** Opening GIVEN MATERIAL block **
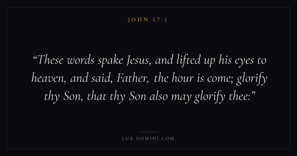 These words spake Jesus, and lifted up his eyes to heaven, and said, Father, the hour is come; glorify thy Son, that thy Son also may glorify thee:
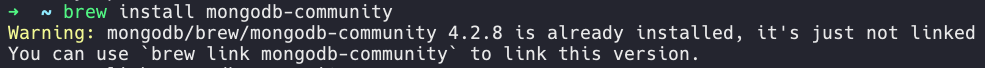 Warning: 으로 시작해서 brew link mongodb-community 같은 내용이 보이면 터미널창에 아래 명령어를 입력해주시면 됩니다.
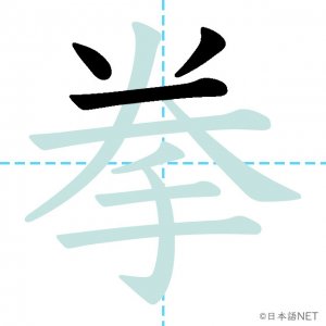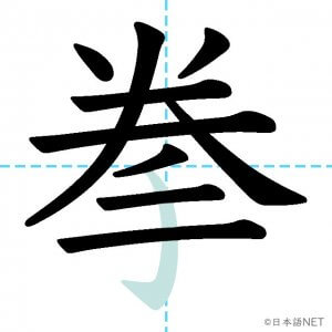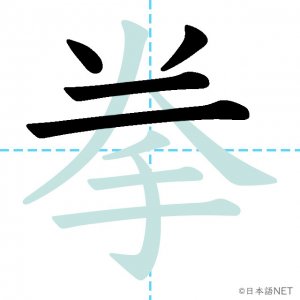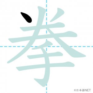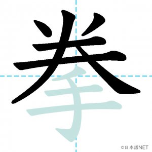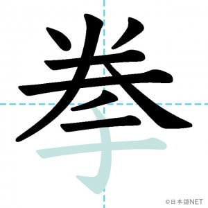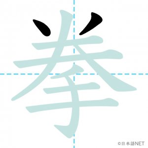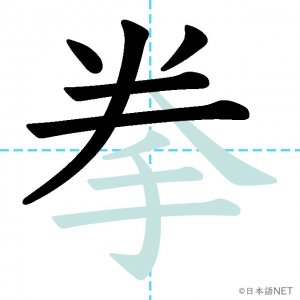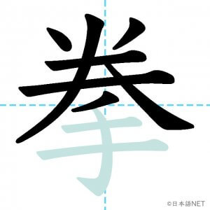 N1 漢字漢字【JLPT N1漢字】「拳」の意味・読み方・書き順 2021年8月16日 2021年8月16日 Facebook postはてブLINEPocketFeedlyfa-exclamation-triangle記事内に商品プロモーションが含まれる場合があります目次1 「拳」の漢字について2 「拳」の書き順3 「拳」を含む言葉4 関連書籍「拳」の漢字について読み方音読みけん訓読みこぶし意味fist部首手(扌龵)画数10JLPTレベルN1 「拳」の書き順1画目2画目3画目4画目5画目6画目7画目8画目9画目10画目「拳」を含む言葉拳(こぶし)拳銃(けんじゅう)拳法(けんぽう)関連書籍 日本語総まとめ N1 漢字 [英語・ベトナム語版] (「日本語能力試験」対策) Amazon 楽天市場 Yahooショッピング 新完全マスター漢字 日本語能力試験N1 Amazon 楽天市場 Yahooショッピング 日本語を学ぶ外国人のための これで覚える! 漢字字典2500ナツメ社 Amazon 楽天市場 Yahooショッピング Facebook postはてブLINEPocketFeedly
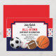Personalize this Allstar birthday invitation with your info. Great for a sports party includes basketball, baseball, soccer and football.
** Closing GIVEN MATERIAL block **
WORK INSTRUCTION:
With the pictures set aside, copy each line above as written.

RESPONSE FOR THIS EXERCISE:
 These words spake Jesus, and lifted up his eyes to heaven, and said, Father, the hour is come; glorify thy Son, that thy Son also may glorify thee:
 Warning: 으로 시작해서 brew link mongodb-community 같은 내용이 보이면 터미널창에 아래 명령어를 입력해주시면 됩니다.
 N1 漢字漢字【JLPT N1漢字】「拳」の意味・読み方・書き順 2021年8月16日 2021年8月16日 Facebook postはてブLINEPocketFeedlyfa-exclamation-triangle記事内に商品プロモーションが含まれる場合があります目次1 「拳」の漢字について2 「拳」の書き順3 「拳」を含む言葉4 関連書籍「拳」の漢字について読み方音読みけん訓読みこぶし意味fist部首手(扌龵)画数10JLPTレベルN1 「拳」の書き順1画目2画目3画目4画目5画目6画目7画目8画目9画目10画目「拳」を含む言葉拳(こぶし)拳銃(けんじゅう)拳法(けんぽう)関連書籍 日本語総まとめ N1 漢字 [英語・ベトナム語版] (「日本語能力試験」対策) Amazon 楽天市場 Yahooショッピング 新完全マスター漢字 日本語能力試験N1 Amazon 楽天市場 Yahooショッピング 日本語を学ぶ外国人のための これで覚える! 漢字字典2500ナツメ社 Amazon 楽天市場 Yahooショッピング Facebook postはてブLINEPocketFeedly
Personalize this Allstar birthday invitation with your info. Great for a sports party includes basketball, baseball, soccer and football.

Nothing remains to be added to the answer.